The group’s chairman, Stephen Mulcahy, says that Irish democracy needs to be reimagined for the centenary of 1916, highlighting the successful operation of direct democracy in countries like Switzerland. “The detractors of giving people more power say, ‘Oh, you will have chaos,’ but I don’t think you could have a more orderly society than Switzerland. They even make the Germans look clumsy.”

Mulcahy notes that the Convention on the Constitution, set up by the Fine Gael-Labour coalition, recommended that forms of direct democracy be developed with “adequate safeguards” but that the mainstream parties rejected it. “Asking for them to vote for something like this is like asking for turkeys to vote for Christmas,” he sighs.

Emerson acknowledges that any reform will upset traditional interests, but he believes that politicians themselves – assuming they are democrats – have a vested interest in making government more representative. But what measures exactly could be introduced? Here are five.

1: Citizen-initiated referendums

For Mulcahy the need for article 48 was highlighted by the bank guarantee and the subsequent bailing out of the banks, which would never have got a popular mandate. If citizen-led initiatives had been in place in the wake of the economic crash, he argues, we would be €43 billion better off today.

Since its launch, six months ago, Reinstate 48 has gained 8,000 supporters on Facebook and a growing number of political affiliates. Diarmaid Ferriter, the professor of modern Irish history and Irish Times columnist, has narrated a history of article 48 on the group’s website, Mulcahy says people are surprised to discover that “this was something they had that was taken away from them without their consent”.
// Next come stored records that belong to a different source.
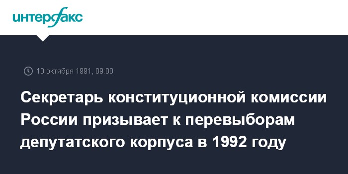 В интервью "Интерфаксу" О.Румянцев подчеркнул, что если съезд своей волей не внесет рассмотрение проекта Конституции в повестку дня, то неизбежен "обвал Российской Федерации". Он призвал к досрочным перевыборам депутатского корпуса в 1992 году.
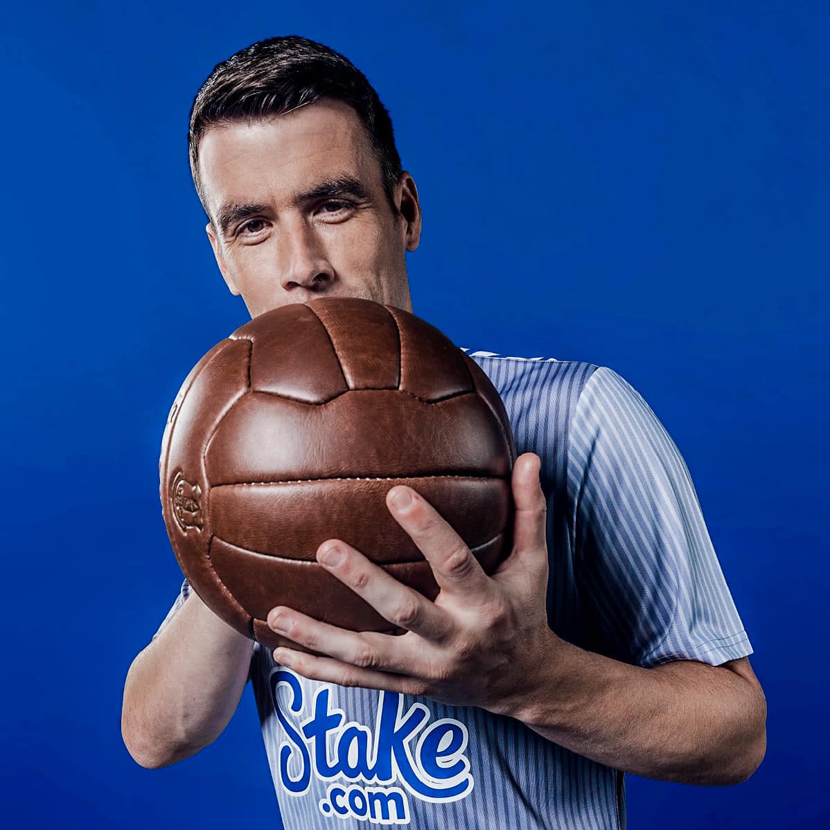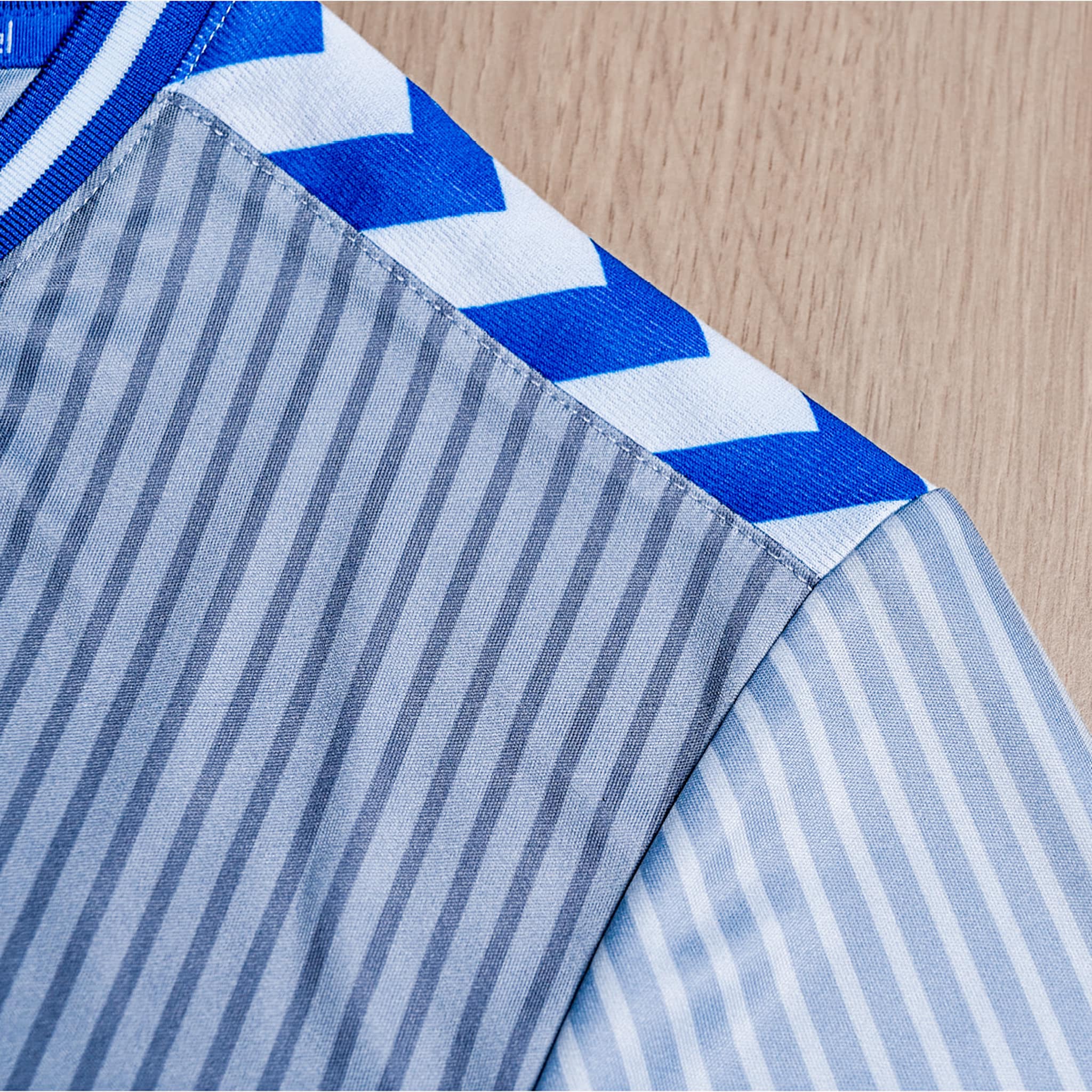 Drawing from hummel's iconic design, Everton's grey, blue, and white kit pays homage to the 'half-and-half' shirt worn by the Denmark national team during the 1986 World Cup.
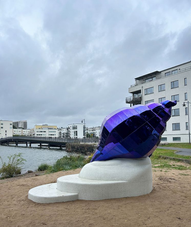 ”Purpursnäckan” av konstnärsduon Bigert & Bergström. Skulptur på Sannegården. Finansiär och processledare genom enprocentregeln: Familjebostäder.
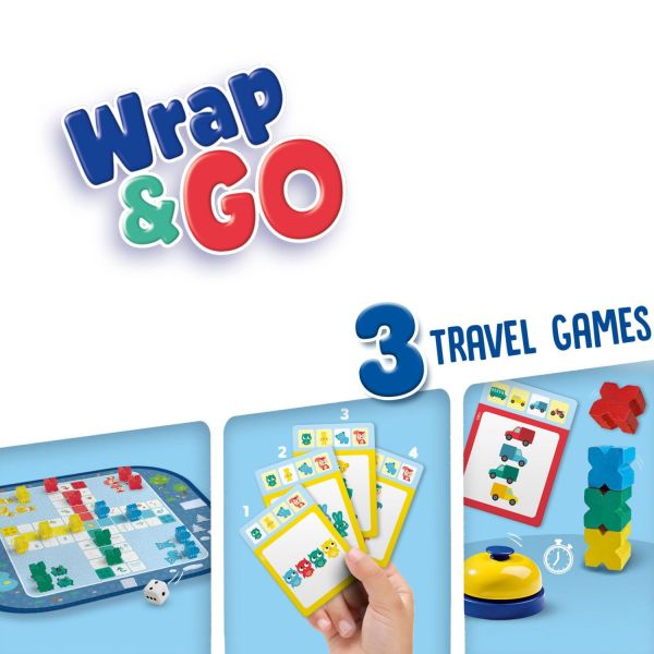 Set de 3 jocuri copii - Ludo, Quartet si Blocuri de viteza. Set de 3 jocuri copii - Ludo, Quartet si Blocuri de viteza - ideal pentru zilele de afara, vacante sau doar acasa. Wrap&Go este o serie distractiva de jocuri si fiecare tabla de joc poate fi pliata intr-o geanta compacta de depozitare, care contine trei jocuri.
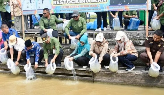 Bupati Barito Utara Tebur Benih Ikan Di Desa Trinsing, Dorong Kemandirian Pangan Dan Pemberdayaan Nelayan

Mulcahy, a website developer and son of John Mulcahy, founder of the Phoenix magazine, says that direct democracy could be used to address a range of issues, including religion in schools and ethical food production. “Why should we all be hostage to the government deciding which way they are going to rule on these things and when they are going to rule on these things?”

To those who believe it would be a recipe for chaos he again cites the Swiss example: “In more than 90 per cent of initiatives the government puts a counterproposal which the initiating body has then accepted. A very small number go to referendum . . . about eight a year. In the process you have a huge amount of public participation in the decision-making process.”

2: Multioption voting

A founding member of the New Ireland Group, he recalls Ian Paisley proclaiming, outside Belfast City Hall in 1985, “Ulster says No”. “One week later six of us stood in the same venue in silence with a banner saying, ‘We have got to say Yes to something.’ ”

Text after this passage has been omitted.